Li et al. (2021, Theorem 1) shows that $\sqrt{m}(\widehat{d} - d) \xrightarrow {d} N(0, 1/4)$, as $n\rightarrow \infty$. Based on this asymptotic result, we can construct our parametric confidence intervals as:

$$\begin{aligned} \left[ \widehat{d} + \frac{1}{2}\times m^{-\frac{1}{2}} \times Q\left( \frac{\alpha }{2}\right) , \quad \widehat{d} + \frac{1}{2}\times m^{-\frac{1}{2}} \times Q\left( 1-\frac{\alpha }{2}\right) \right] , \end{aligned}$$

(4)

where $Q(\cdot )$ represents a quantile function of the standard Gaussian distribution, and $\alpha$ denotes a level of significance, such as $\alpha =0.2, 0.05$ and 0.01.

3 Sieve bootstrapping

Bootstrapping has been receiving increasing attention in the functional time series literature to quantify estimation or prediction uncertainty. Franke and Nyarige (2019) proposed a residual-based bootstrap for functional autoregressions. Pilavakis et al. (2019) established theoretical results for the moving block and tapered block bootstrap. Shang (2018) considered a maximum entropy bootstrap procedure to study the estimation accuracy of the long-run covariance function. Paparoditis (2018) proposed a sieve bootstrap under the functional autoregressions and derived bootstrap consistency as the sample size and order of autoregression both tend to infinity. From a nonparametric perspective, Zhu and Politis (2017) proposed a kernel estimation of the first-order nonparametric functional autoregression model and its bootstrap approximation.
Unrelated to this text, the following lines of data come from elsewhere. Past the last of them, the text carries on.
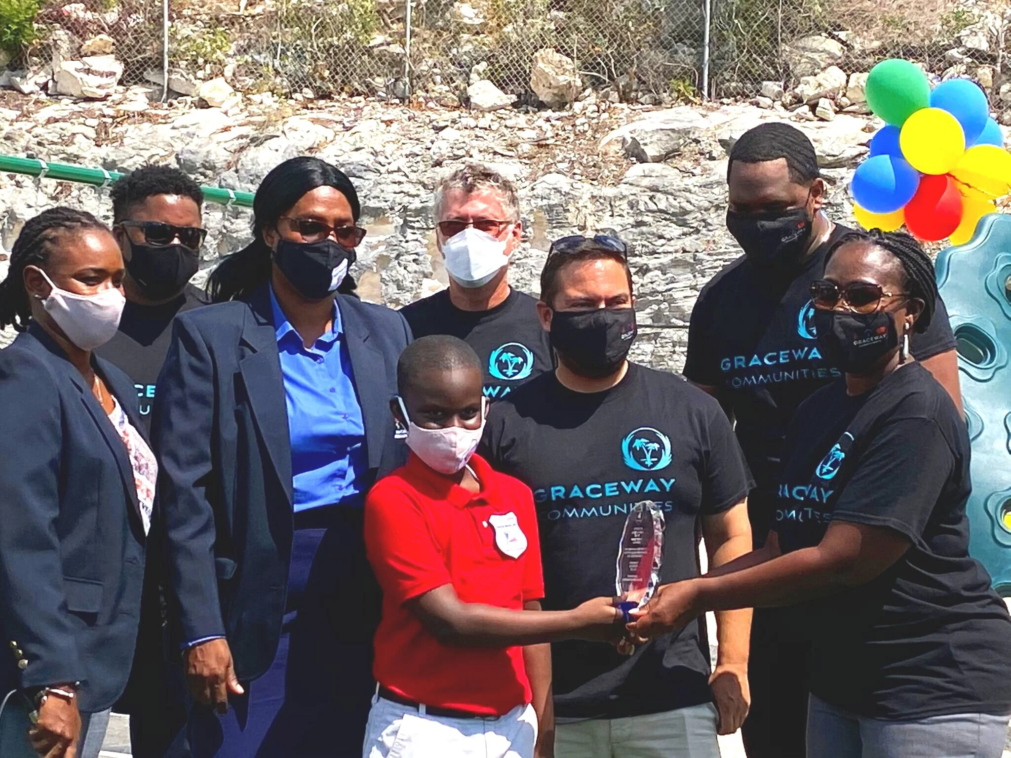 The SNAP Center presented Graceway Communities with a plaque as a token of appreciation, along with a song performed by the students about how much they love their new playground and how thankful they were. Reverend Jupp of St. Monica's Anglican Church completed the blessing and dedication of the playground, followed by the cutting of the ribbon by students, marking the official opening of the playground.
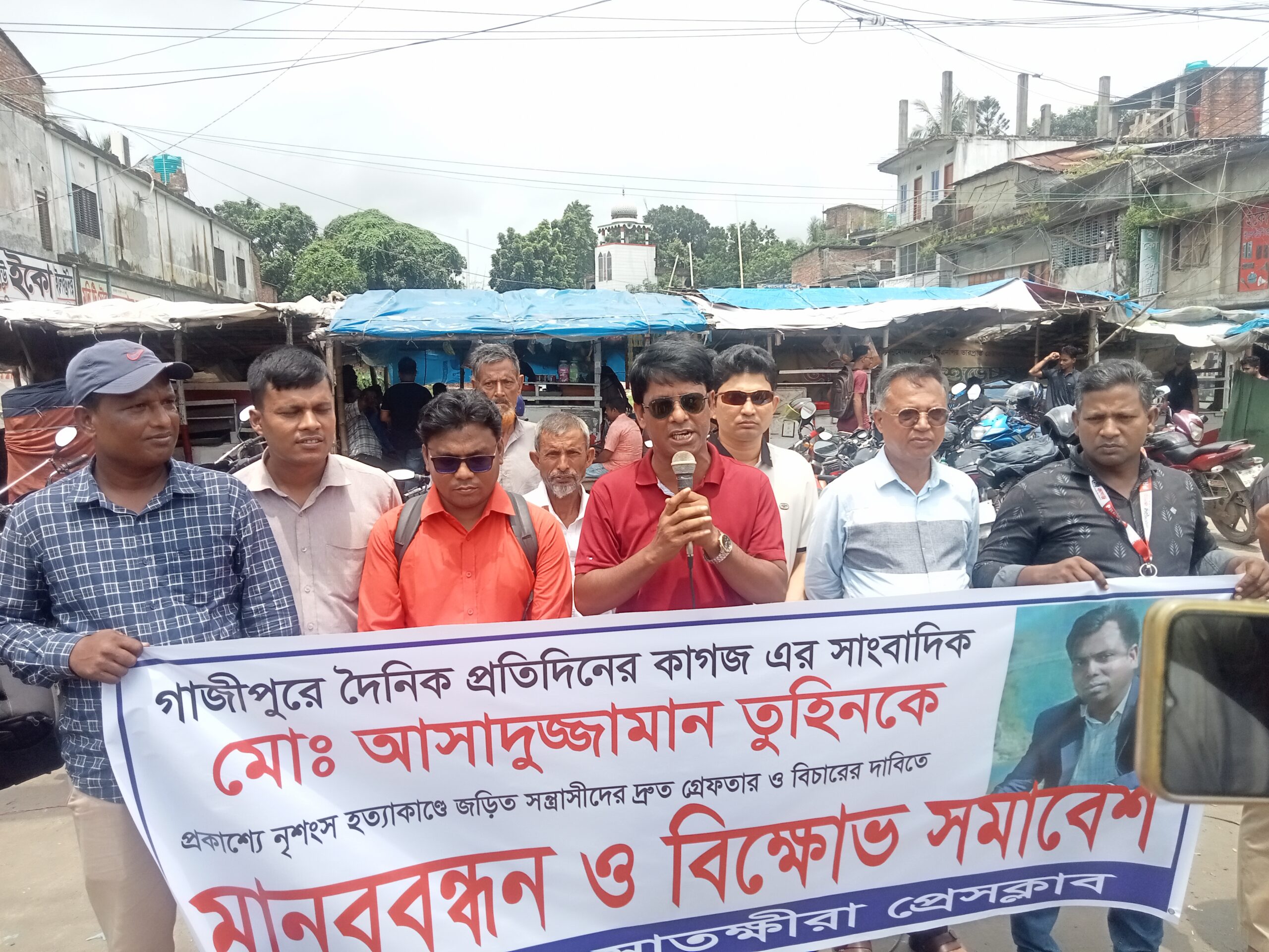 মানববন্ধনে বক্তারা বলেন, সাংবাদিক তুহিনকে প্রকাশ্যে হত্যার ঘটনা দেশের গণমাধ্যম ও মতপ্রকাশের স্বাধীনতার জন্য বড় হুমকি।  সাংবাদিকদের নিরাপত্তা নিশ্চিত করা রাষ্ট্রের দায়িত্ব। সাংবাদিকরা সত্য প্রকাশে ভয় না পেয়ে কাজ করবেন এমন পরিবেশ তৈরি করতে হবে। পুলিশের নিষ্ক্রিয়তায় আজকে দেশে অস্থিতিশীল পরিস্থিতির সৃষ্টি হয়েছে।দেশে আইনশৃঙ্খলা পরিস্থিতির হয়েছে  অবণতি। পুলিশ জনগণের টাকায় বেতন নিচ্ছে অথচ সেবা দিতে পারছে না। জুলাই অভ্যুত্থানের পরে আমরা ভেবেছিলাম পুলিশের কার্যক্রম পরিবর্তন হবে, কিন্তু একটুও বদলায়নি। তারা নানা অনিয়ম দুর্নীতি করছে। আমরা সাংবাদিক আসাদুজ্জামান তুহিনসহ সকল সাংবাদিক হত্যাকাণ্ডের বিচার দাবি করছি। এই বিচার দ্রুত না আগামীতে কঠোর কর্মসূচি ঘোষনা করা হবে বলে তারা হুশিয়ারি দেন।  মানববন্ধনে জেলার বিভিন্ন প্রিন্ট ও ইলেকট্রিক মিডিয়ায় কর্মরত  সাংবাদিকরা উপস্থিত ছিলেন।
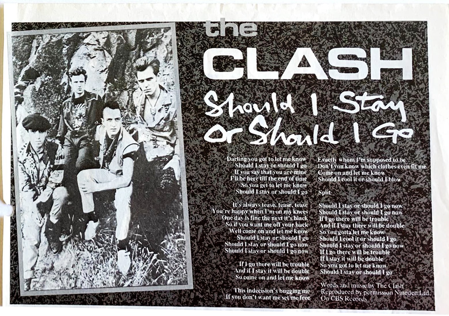 "Should I Stay Or Should I Go" is the flagship of the Clash and the last great collaboration between Joe Strummer and Mick Jones. A song that is in the musical imagination of the 80s and turned the band into an icon of Punk-rock.

We revisit the sieve bootstrap of Paparoditis (2018). The basic idea of the sieve bootstrap is to generate a functional time series of pseudo-random elements $({\mathcal{X}}_1^*, {\mathcal{X}}_2^*, \dots , {\mathcal{X}}_n^*)$, which appropriately imitate the temporal dependence of the original functional time series. The sieve bootstrapping begins with centering the observed functional time series by computing ${\mathcal{Y}}_t = {\mathcal{X}}_t - \overline{{\mathcal{X}}}_n$, where $\overline{{\mathcal{X}}}_n = \frac{1}{n}\sum ^n_{t=1}{\mathcal{X}}_t$. Via Karhunen-Loève representation, random element ${\mathcal{Y}}_t$ can be decomposed into two parts:

$$\begin{aligned} {\mathcal{Y}}_t&= \sum ^{\infty }_{k=1}\beta _{k,t}\phi _k \nonumber \\&= \sum ^K_{k=1}\beta _{k,t}\phi _k + \sum _{k=K+1}^{\infty }\beta _{k,t}\phi _k, \\&= \sum ^K_{k=1}\beta _{k,t}\phi _k + U_{t,K}\nonumber \end{aligned}$$

(5)

where K denotes the number of retained functional principal components. While the first terms on the right-hand side of (5) are considered as the main driving part of ${\mathcal{X}}_t$, the second term is treated as white noise.

The value of K is determined as the integer that minimizes ratios of two adjacent empirical eigenvalues given by

$$\begin{aligned} K = \mathop {\mathrm{argmin}}\limits _{1\le k\le k_{max}}\left\{ \frac{\widehat{\lambda }_{k+1}}{\widehat{\lambda }_k}\times \mathbbm {1}\left( \frac{\widehat{\lambda }_k}{\widehat{\lambda }_1}\ge \tau \right) + \mathbbm {1}\left( \frac{\widehat{\lambda }_k}{\widehat{\lambda }_1}<\tau \right) \right\} , \end{aligned}$$

where $\widehat{\lambda }_k$ represents the $k^{\hbox {th}}$ estimated eigenvalue from the functional principal component analysis, $k_{\max }$ is a pre-specified positive integer, $\tau$ is a pre-specified small positive-valued number, and $\mathbbm {1}(\cdot )$ is the binary indicator function. Without a prior knowledge about a possible maximum value of k, it is unproblematic to choose a relatively large $k_{\max }$, e.g., $k_{\max } = \#\{k|\widehat{\lambda }_k\ge \frac{1}{n}\sum ^n_{k=1}\widehat{\lambda }_k\}$ (Ahn and Horenstein 2013). Since small empirical eigenvalues $\widehat{\lambda }_k$ are close to zero, we adopt the threshold constant $\tau = \frac{1}{\ln [\max (\widehat{\lambda }_1, n)]}$ to ensure consistency of k.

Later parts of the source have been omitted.